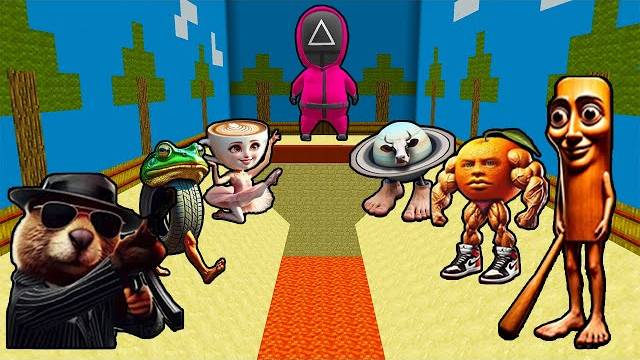 Герои итальянского брейнрота попадают в Minecraft-адаптацию «Игры в кальмара»! Их ждут смертельные испытания, но они не сдадутся без боя. 🐊 Участники: — Bombombini Gusini: Взрывает ловушки динамитом из пасты! — Tung Tung Sahur: Останавливает время своими ритмами, чтобы избежать пуль! — Ballerina Cappuccina: Танцует между летящими стрелами и пилюлями! — Chimpanzini Bananini: Кидается бананами, чтобы отвлечь охранников-големов! ⚔️ Испытания: — Красный свет, зелёный свет: Кукла стреляет не стрелами, а ядовитым томатным соусом! — Сахарные соты: Нужно вырезать фигуры не иглой, а зубами (Bombombini грызёт сахар как орех!). — Стеклянный мост: Но он из блоков слизи — они прыгают, как на батуте! — Командная битва: Мобы против животных — зомби в костюмах охранников! 🔨 Тактики выживания: — Строят укрытия из сыра и пасты! — Используют макароны как верёвки для лазания! — Призывают на помощь Garamara (робота-повара), который бросает в врагов пиццей!
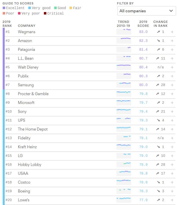 Ví dụ như Samsung đứng thứ 7 trong bảng xếp hạng với số điểm 80, kém hơn con số 82,3 điểm của Amazon. Wegmans đã đứng đầu bảng xếp hạng năm 2019 với 83 điểm. Đây là một chuỗi siêu thị tư nhân của Mỹ có trụ sở tại Gates, New York.
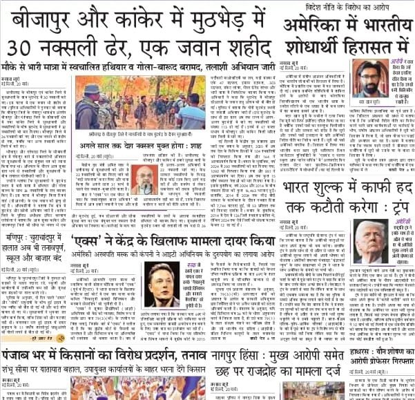 छत्तीसगढ़ में सुरक्षाबलो के साथ मुठभेड़ में नक्सलियों के मारे जाने की खबर आज सभी समाचार पत्रों के पहले पन्ने पर है। जनसत्ता लिखता हैं – बीजापुर और कांकेर में मुठभेड, तीस नक्सली ढेर, एक जवान शहीद। नवभारत टाइम्स की सुर्खी है – नक्सलियों पर साल का दूसरा बड़ा ऐक्शन, सात घंटे चला ऑपरेशन, एक जवान शहीद।
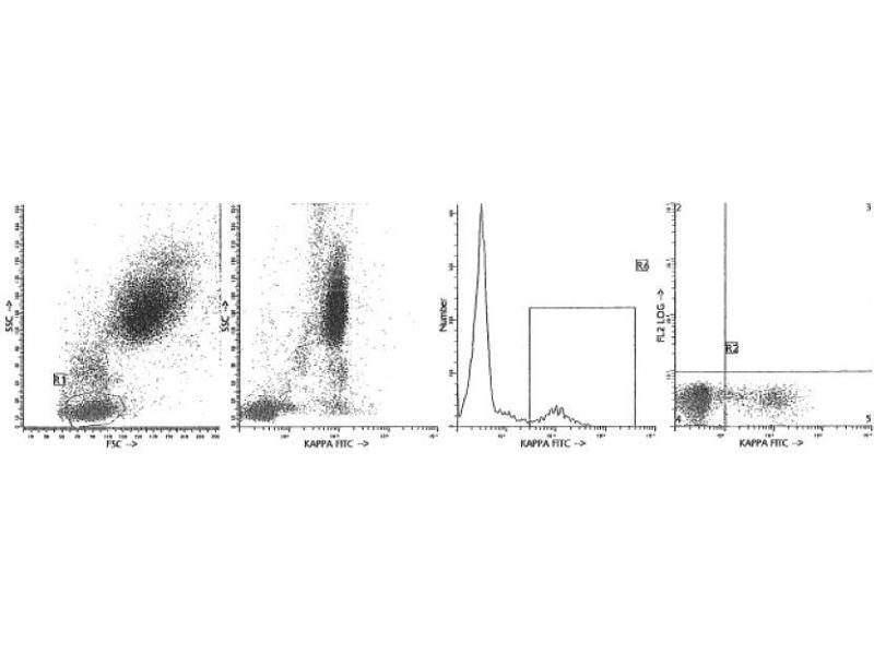 Kappa light chains of human immunoglobulins occur in 50-70 % of normal human B lymphocytes while lambda light chains are expressed in 30-50 % of these cells. Abnormal expression of kappa and lambda light chains occur in leukemia. Anti-kappa and anti-lambda antibodies are frequently used in combination with CD19 or CD138 for the detection of light chains of surface immunoglobulin on normal and neoplastic B cells.
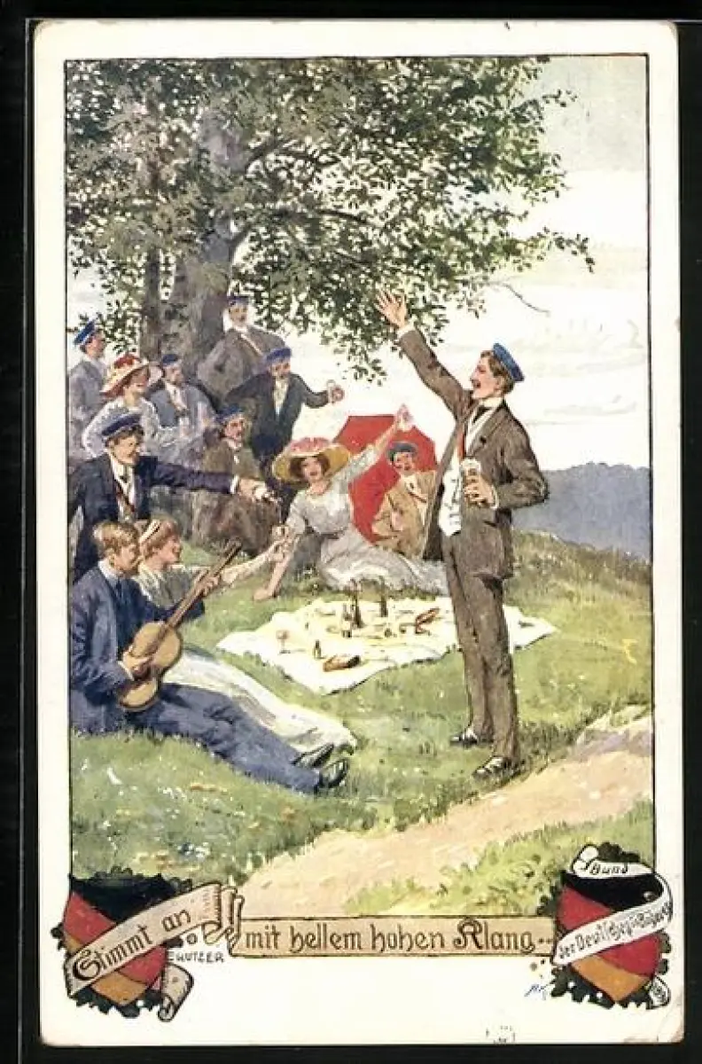 Künstler-AK Ernst Kutzer: Stimmt an mit hellem hohen Klang, Studenten bei Picknick im Grünen
######
EXERCISE INSTRUCTIONS: Please copy out the whole listing exactly as it stands, minus the pictures.

FINISHED TASK:
 Герои итальянского брейнрота попадают в Minecraft-адаптацию «Игры в кальмара»! Их ждут смертельные испытания, но они не сдадутся без боя. 🐊 Участники: — Bombombini Gusini: Взрывает ловушки динамитом из пасты! — Tung Tung Sahur: Останавливает время своими ритмами, чтобы избежать пуль! — Ballerina Cappuccina: Танцует между летящими стрелами и пилюлями! — Chimpanzini Bananini: Кидается бананами, чтобы отвлечь охранников-големов! ⚔️ Испытания: — Красный свет, зелёный свет: Кукла стреляет не стрелами, а ядовитым томатным соусом! — Сахарные соты: Нужно вырезать фигуры не иглой, а зубами (Bombombini грызёт сахар как орех!). — Стеклянный мост: Но он из блоков слизи — они прыгают, как на батуте! — Командная битва: Мобы против животных — зомби в костюмах охранников! 🔨 Тактики выживания: — Строят укрытия из сыра и пасты! — Используют макароны как верёвки для лазания! — Призывают на помощь Garamara (робота-повара), который бросает в врагов пиццей!
 Ví dụ như Samsung đứng thứ 7 trong bảng xếp hạng với số điểm 80, kém hơn con số 82,3 điểm của Amazon. Wegmans đã đứng đầu bảng xếp hạng năm 2019 với 83 điểm. Đây là một chuỗi siêu thị tư nhân của Mỹ có trụ sở tại Gates, New York.
 छत्तीसगढ़ में सुरक्षाबलो के साथ मुठभेड़ में नक्सलियों के मारे जाने की खबर आज सभी समाचार पत्रों के पहले पन्ने पर है। जनसत्ता लिखता हैं – बीजापुर और कांकेर में मुठभेड, तीस नक्सली ढेर, एक जवान शहीद। नवभारत टाइम्स की सुर्खी है – नक्सलियों पर साल का दूसरा बड़ा ऐक्शन, सात घंटे चला ऑपरेशन, एक जवान शहीद।
 Kappa light chains of human immunoglobulins occur in 50-70 % of normal human B lymphocytes while lambda light chains are expressed in 30-50 % of these cells. Abnormal expression of kappa and lambda light chains occur in leukemia. Anti-kappa and anti-lambda antibodies are frequently used in combination with CD19 or CD138 for the detection of light chains of surface immunoglobulin on normal and neoplastic B cells.
 Künstler-AK Ernst Kutzer: Stimmt an mit hellem hohen Klang, Studenten bei Picknick im Grünen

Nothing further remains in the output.